"Bringing Families Together"

"Bringing Families Together"

Wednesday, May 19, 2010

Grandparents were best.

D (Children) [2010] EWCA 496 Civ

Appeal by mother against residence order in favour of paternal grandparents following intractable contact dispute. Appeal dismissed.

The case concerned two boys: T, 12 years old, and N, almost 10. Their father had been found by a circuit judge to have sexually abused his stepdaughter, the boys' half-sister. The father throughout claimed his innocence. The mother, who the court said was in every other respect admirable, developed 'a complete obsession' that any contact between the boys and their paternal family was to be avoided.
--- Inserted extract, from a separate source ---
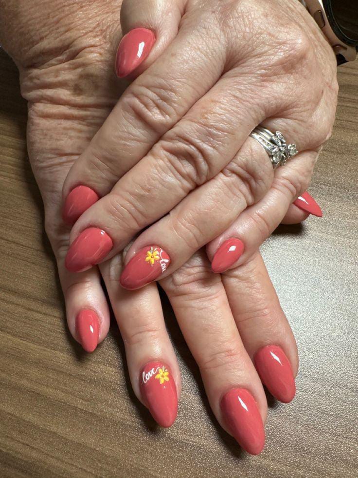 These nails feature a warm coral base with a glossy finish that feels bright and feminine. Simple floral and lettering accents on a couple of nails add a soft, cheerful touch, making the look elegant yet playful for summer.

That included their paternal grandparents.

According to expert evidence, the children were were being forced by their mother's obsessional beliefs to accept her belief though they did not believe it themselves. The experts feared for the psychological development of the children and considered that abandoning T to the pressures of his mother's belief system ran the risk of emotionally crippling him so that he would be unable to form trusting relationships with others.
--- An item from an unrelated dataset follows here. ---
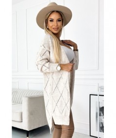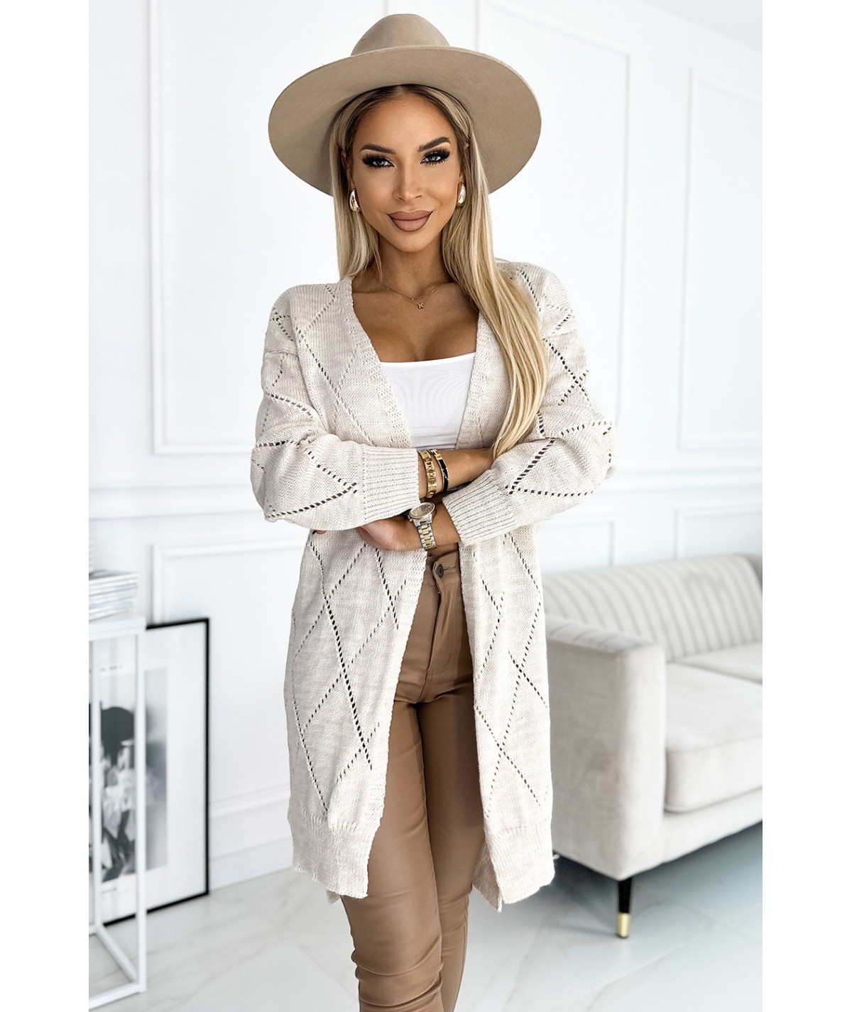 Odkryj nasz ciepły kardigan z ażurowymi rombami, idealny na chłodniejsze dni! Ta szara narzutka z dłuższym tyłem łączy w...

The judge at first instance left the boys with their mother, provided they had regular contact with their grandparents, and the question of contact with their father, which would be indirect initially, could be reconsidered at a later point.
The mother appealed unsuccessfully against the contact order. Subsequently the judge made a contact order in favour of the father but the mother refused to implement. In default of the mother fulfilling the terms of that order a residence order was granted in favour of the grandparents.

This judgment concerns the mother's application, out of time, for permission to appeal against that order. Wall LJ, considering the exercise of the judge's discretion, says that it was faultless. The judge had conducted a welfare balancing exercise and concluded that placing the children with the grandparents represented the best hope for the children growing up with any degree of normality.